[Description of the task] Return only the lines running from the one that contains "Das Kreuz wurde" through the end of the entries, exactly, both ends included. Omit pictures.
Records to use START
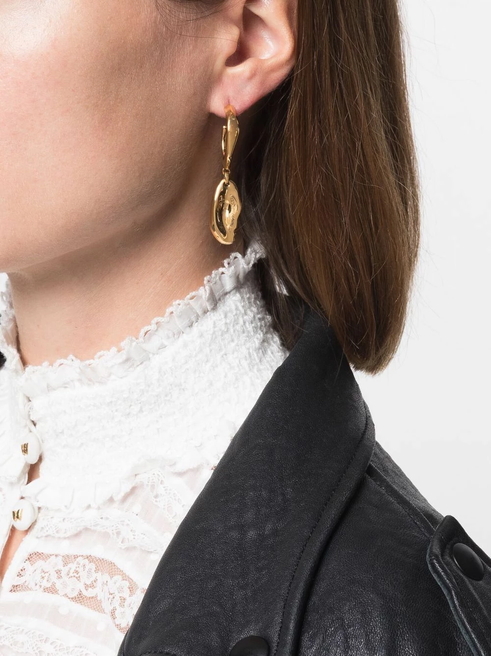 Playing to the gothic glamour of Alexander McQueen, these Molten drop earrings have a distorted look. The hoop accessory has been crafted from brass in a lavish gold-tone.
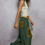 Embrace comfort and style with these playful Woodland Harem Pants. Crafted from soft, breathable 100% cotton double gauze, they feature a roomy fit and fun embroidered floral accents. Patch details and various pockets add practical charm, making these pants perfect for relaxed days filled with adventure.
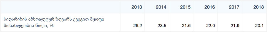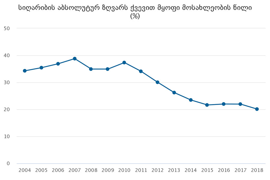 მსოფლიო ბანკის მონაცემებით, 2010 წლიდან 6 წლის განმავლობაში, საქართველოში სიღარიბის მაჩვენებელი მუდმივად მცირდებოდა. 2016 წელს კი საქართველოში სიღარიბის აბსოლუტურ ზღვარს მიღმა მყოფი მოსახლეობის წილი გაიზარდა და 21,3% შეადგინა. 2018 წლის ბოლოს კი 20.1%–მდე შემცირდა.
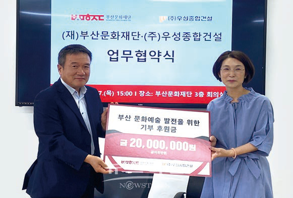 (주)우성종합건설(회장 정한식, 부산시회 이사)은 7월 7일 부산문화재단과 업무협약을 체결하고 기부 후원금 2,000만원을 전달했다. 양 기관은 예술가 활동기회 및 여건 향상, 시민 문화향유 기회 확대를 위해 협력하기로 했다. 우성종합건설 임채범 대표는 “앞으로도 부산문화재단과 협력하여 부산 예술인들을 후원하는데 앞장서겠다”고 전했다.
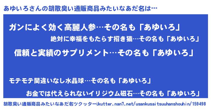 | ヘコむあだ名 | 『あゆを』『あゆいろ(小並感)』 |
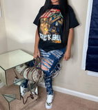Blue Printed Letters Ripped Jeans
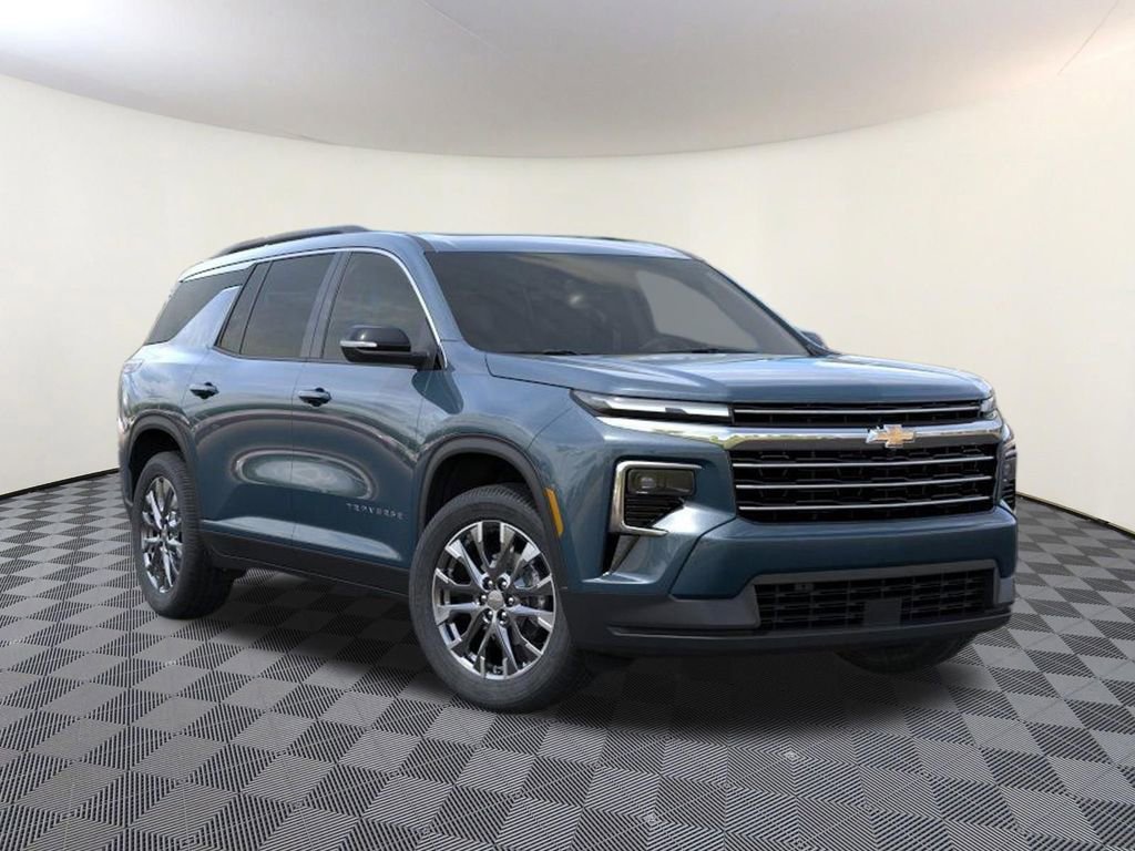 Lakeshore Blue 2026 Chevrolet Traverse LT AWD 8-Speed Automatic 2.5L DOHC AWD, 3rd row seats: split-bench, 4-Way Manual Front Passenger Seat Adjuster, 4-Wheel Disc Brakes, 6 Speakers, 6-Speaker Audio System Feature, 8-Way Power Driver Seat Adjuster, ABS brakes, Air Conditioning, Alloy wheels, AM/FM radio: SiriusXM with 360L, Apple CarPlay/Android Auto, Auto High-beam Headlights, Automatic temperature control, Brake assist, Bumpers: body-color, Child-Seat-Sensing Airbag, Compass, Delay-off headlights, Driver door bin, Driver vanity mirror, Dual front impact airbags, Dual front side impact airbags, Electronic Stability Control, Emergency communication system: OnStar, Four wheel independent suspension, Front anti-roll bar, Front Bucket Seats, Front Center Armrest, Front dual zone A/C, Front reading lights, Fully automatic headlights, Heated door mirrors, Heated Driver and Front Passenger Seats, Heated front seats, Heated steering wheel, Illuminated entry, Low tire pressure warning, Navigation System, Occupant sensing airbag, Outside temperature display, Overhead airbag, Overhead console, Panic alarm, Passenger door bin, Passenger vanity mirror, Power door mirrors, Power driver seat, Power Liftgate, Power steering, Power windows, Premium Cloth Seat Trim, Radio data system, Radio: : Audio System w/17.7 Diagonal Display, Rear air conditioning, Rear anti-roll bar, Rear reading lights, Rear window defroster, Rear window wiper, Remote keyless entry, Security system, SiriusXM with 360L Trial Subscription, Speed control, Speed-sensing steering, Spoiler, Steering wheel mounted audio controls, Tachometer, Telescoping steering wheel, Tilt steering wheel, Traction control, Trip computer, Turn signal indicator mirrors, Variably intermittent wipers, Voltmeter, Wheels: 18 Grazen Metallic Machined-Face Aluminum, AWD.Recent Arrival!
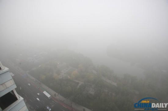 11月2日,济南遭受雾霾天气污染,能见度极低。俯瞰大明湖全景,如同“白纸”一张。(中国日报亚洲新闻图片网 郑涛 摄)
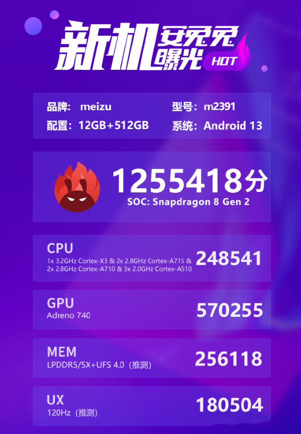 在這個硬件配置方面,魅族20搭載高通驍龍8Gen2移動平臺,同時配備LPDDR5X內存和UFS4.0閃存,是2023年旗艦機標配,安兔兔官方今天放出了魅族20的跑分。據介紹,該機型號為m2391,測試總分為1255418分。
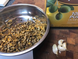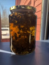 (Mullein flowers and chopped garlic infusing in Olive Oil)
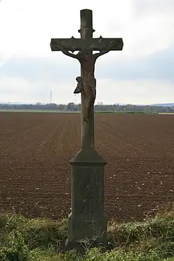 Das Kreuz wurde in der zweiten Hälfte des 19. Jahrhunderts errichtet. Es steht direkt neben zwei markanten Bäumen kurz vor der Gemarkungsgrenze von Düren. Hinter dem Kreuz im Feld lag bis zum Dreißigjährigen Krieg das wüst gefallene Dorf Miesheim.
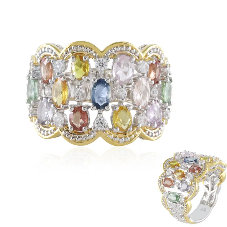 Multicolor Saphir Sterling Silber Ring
Records to use END
[Response below]
 Das Kreuz wurde in der zweiten Hälfte des 19. Jahrhunderts errichtet. Es steht direkt neben zwei markanten Bäumen kurz vor der Gemarkungsgrenze von Düren. Hinter dem Kreuz im Feld lag bis zum Dreißigjährigen Krieg das wüst gefallene Dorf Miesheim.
 Multicolor Saphir Sterling Silber Ring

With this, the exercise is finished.